Multifunctional characterization of multiferroic [Pb(Fe0.5Nb0.5)O3]0.5 - [(Ca0.2Sr0.8)TiO3]0.5 for storage and photocatalytic applications

Abstract

[(Ca0.2Sr0.8)TiO3] substituted [Pb(Fe0.5Nb0.5)O3] ceramic oxide with the formulation [Pb(Fe0.5Nb0.5)O3]0.5 - [(Ca0.2Sr0.8)TiO3]0.5 was manufactured by using solid state route. Rietveld analysis revealed that the compound crystallizes in single phase pseudocubic structure. The crystallite size and micro-strain were studied by Scherrer's and Williamson-Hall analyses. The functional group vibrations were analyzed by Fourier transform infrared (FTIR) analysis. The structural and optical vibrations were studied by Raman spectroscopy. The surface morphology was analyzed by field emission scanning electron microscopy (FESEM) and energy dispersive X-ray spectroscopy (EDS) analysis was conducted to check the purity. The chemical structure and valence of the involved elements were examined by incorporating the X-ray photoelectron spectroscopy (XPS).
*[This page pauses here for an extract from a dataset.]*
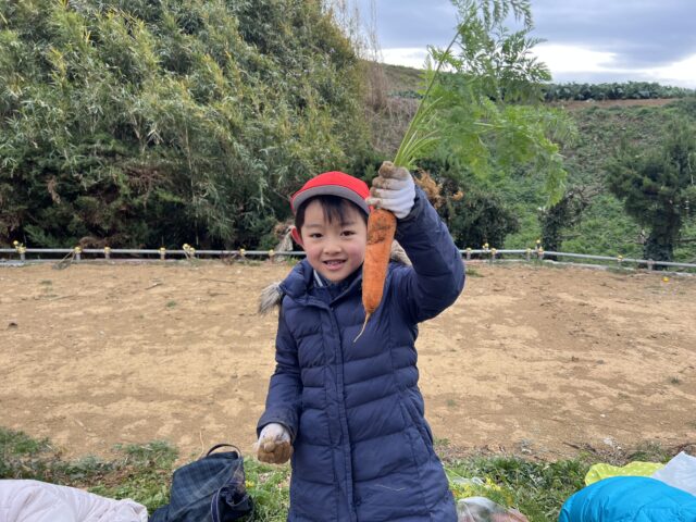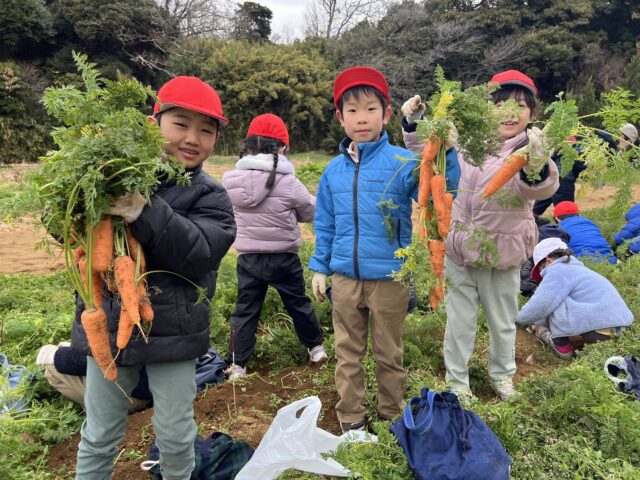 1月21日(水)に1年生が三浦自然教室に行き、ニンジンの収穫などをしました。
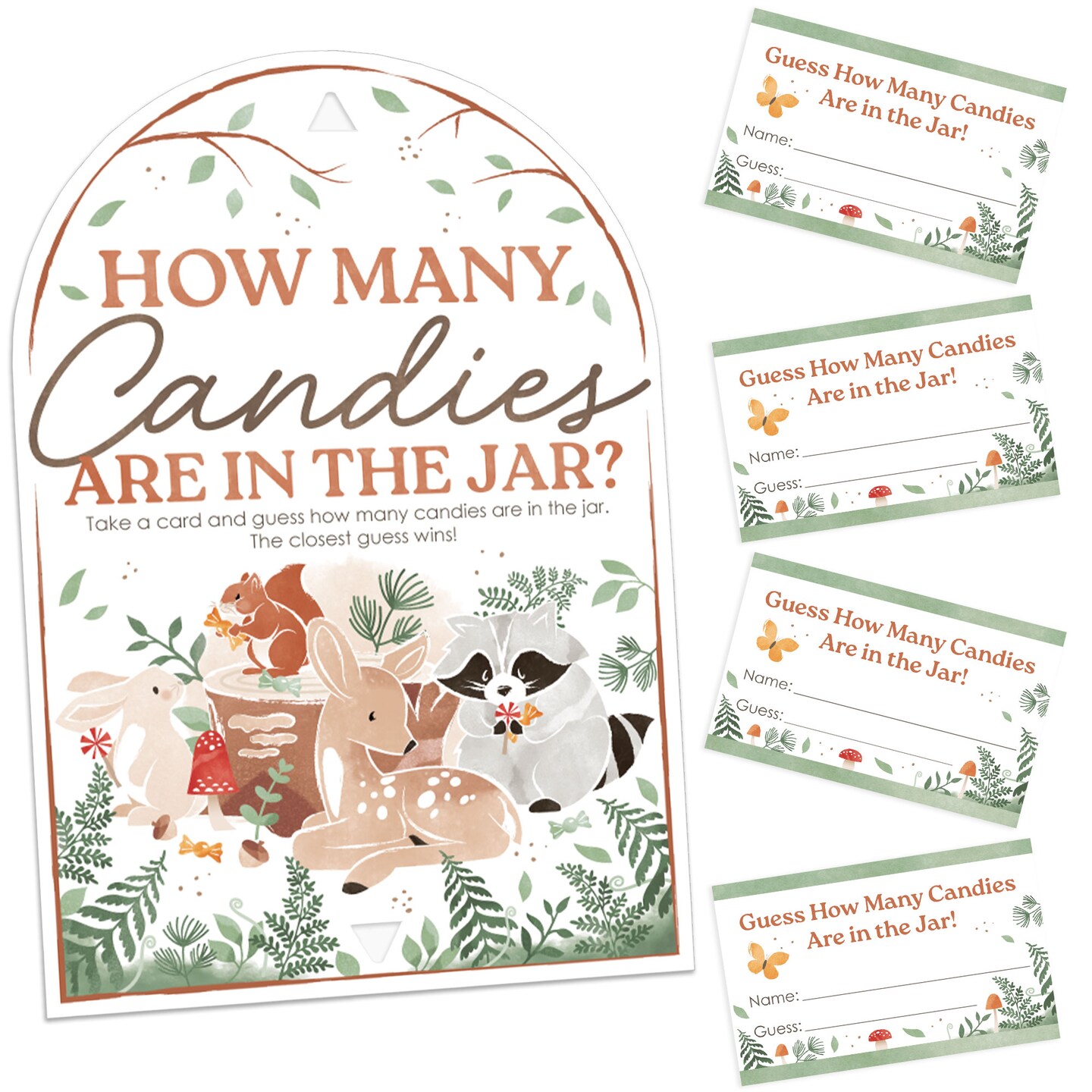 Big Dot of Happiness Woodland Animals Candy Guessing Game, Forest Baby Shower or Birthday Activity, How Many Candies in the Jar, 1 Stand & 40 Cards

Electron paramagnetic resonance technique was adopted to interpret the presence oxygen vacancy in the sample. UV–Visible spectroscopy was performed to evaluate energy band gap and Urbach energy. The effect of oxygen vacancies, disorder and electronegativity on band gap were studied. The thermodynamical aspect of photocatalytic property was analyzed by Mulliken's electronegativity approach. The photocatalytic response was studied by accounting for the degradation of methyl orange under visible illumination. Dielectric analysis was carried out to analyze the temperature dependence of dielectric constant and loss tangent revealing the sample's storage applications. The multiferroic property was investigated by means of room temperature P-E loop and M − H hysteresis loop. The observed ferromagnetism was explained by incorporating the most convenient bound magnetic polaron (BMP) model. The article provides detailed information about the paramagnetic octahedral structure of high spin Fe – nuclei through Mössbauer spectroscopy analysis. The current article provides a detailed insight about the synthesis and characterization of a new multiferroic oxide which can be used for photocatalytic device applications. The narrow band gap and weak multiferroicity are the interesting outcomes of this investigation which may provide a new revived single phase multiferroic material for advance electro-optical applications.